A batch process is used to do an automated manipulation of data, often for a bulk transfers of data. They execute transactions automatically without real time user input data.
You would typically implement a batch process if you needed to schedule the update or manipulation of data for a time in which the systems and data involved were less “busy”.
As an example, we might need to update changed product data every day, from one system to another. It may be important to do this update when there are not a lot of users trying to hit an application that uses that product data because it could slow down system response time for the users. In this case we would want to use a batch process. In the implementation, the changed product data would be extracted from the main system and imported into another system nightly. Then there may also be manipulations such as upon importing, such as concatenating the productName and productDescription fields into the productDescription field in the new repository.

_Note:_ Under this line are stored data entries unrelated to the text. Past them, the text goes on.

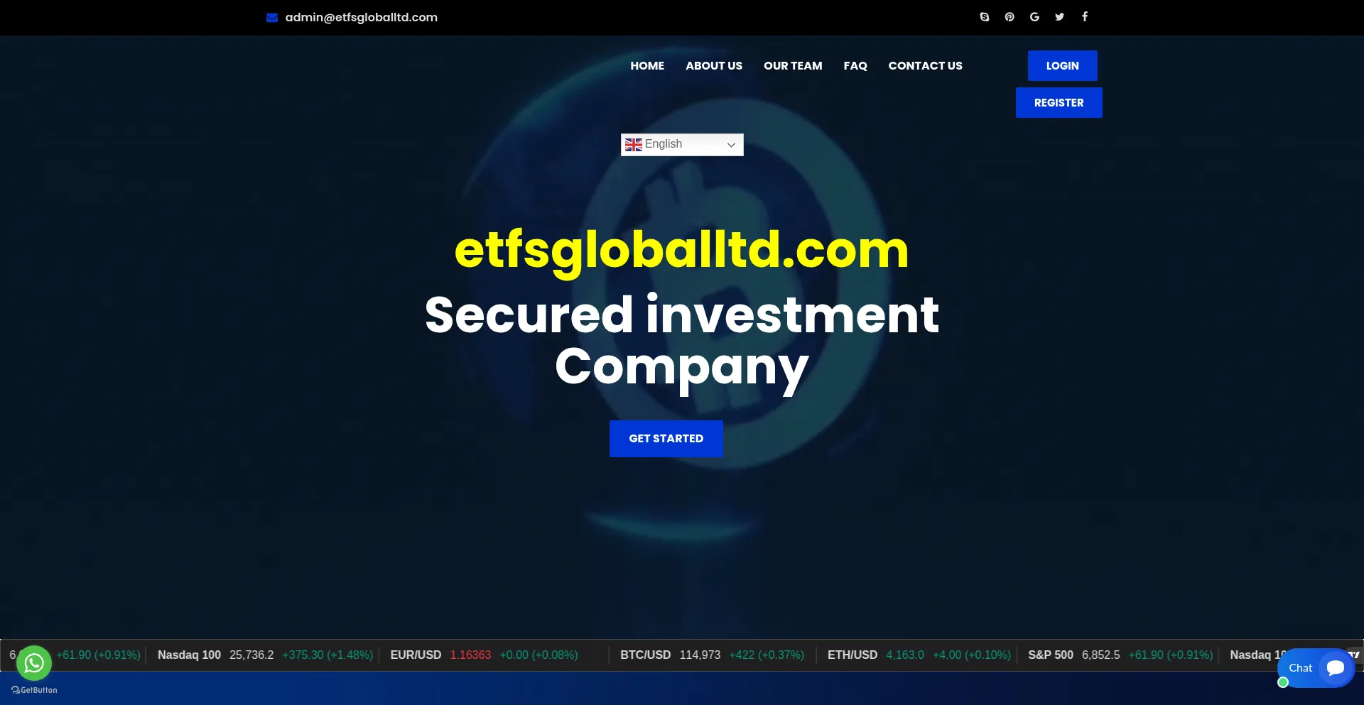 分析显示 etfsgloballtd.com 显示社交媒体图标或链接,但不连接到合法的社交媒体档案。这种欺骗性做法通常用于创造虚假合法性,代表需要立即谨慎的欺诈意图的重要指标。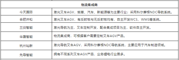 表:中國市場40+叉車AGV企業(排名不分先后,企業分類以其主營業務為依據)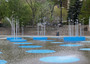 大天空聲稱的天空和雲彩的通過艾伯塔省天空鳥漂流和收集有圖案的表面在卡爾加里的奧林匹克廣場的中央噴泉空...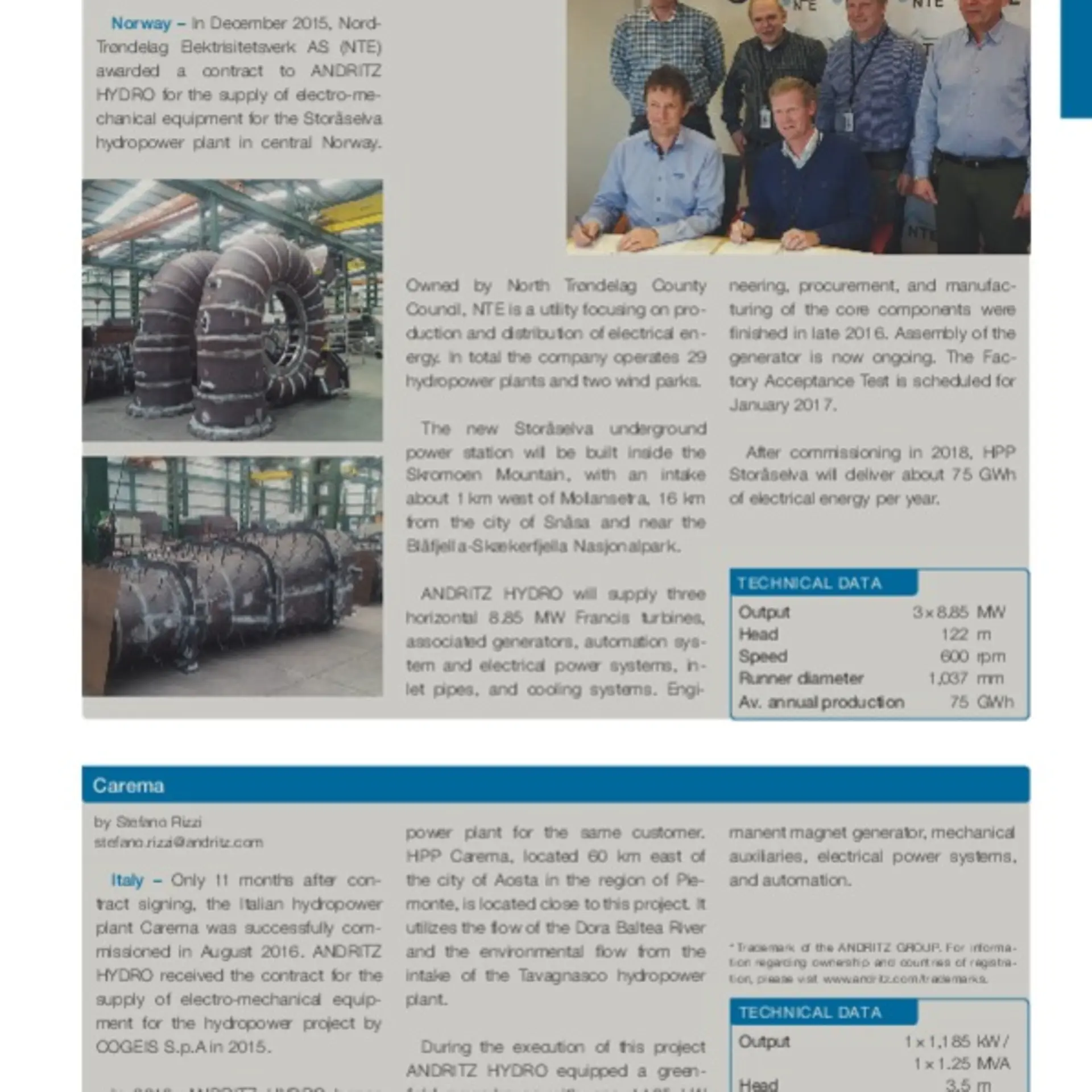 Only 11 months after contract signing, the Italian hydropower plant Carema was successfully commissioned in August 2016.

There was a post on the messageboard recently about what models to use to capture batch process requirements. Use cases do not work well, and while process flows might sometimes work, the model choice really depends on the complexity of the transactions.
When I think about something like a batch process to load data, I start with a set of questions. To answer each of those questions, I employ the appropriate model:
Use data models, such as data dictionaries, ERDs, state tables:
- What data needs to be manipulated?
- What data needs to be batched?
- What are the attributes on the data to be batched?
- What is the desired end state of the data after running the process? (This might be a state of the data or it might be an output format.)
- What manipulations are executed on the data as part of processing? (If the manipulations get complicated, then a process flow diagram might help describe those steps.)
Use system models, such as context diagrams:
- Where does the data come from?
- Where does the data need to go?
- What other systems have data that is used in the manipulation?
Use people or system models, such as actor lists or context diagrams:
- What or who triggers the batch process to run?
Use non-functional models to identify non-functional requirements:
- When does the process execution need to be completed by?
- How frequent does the process need to run?
In capturing the requirements for batch processes, you need to start with a set of questions that have to be answered to gather the basic data, and then apply the known models to answer those questions.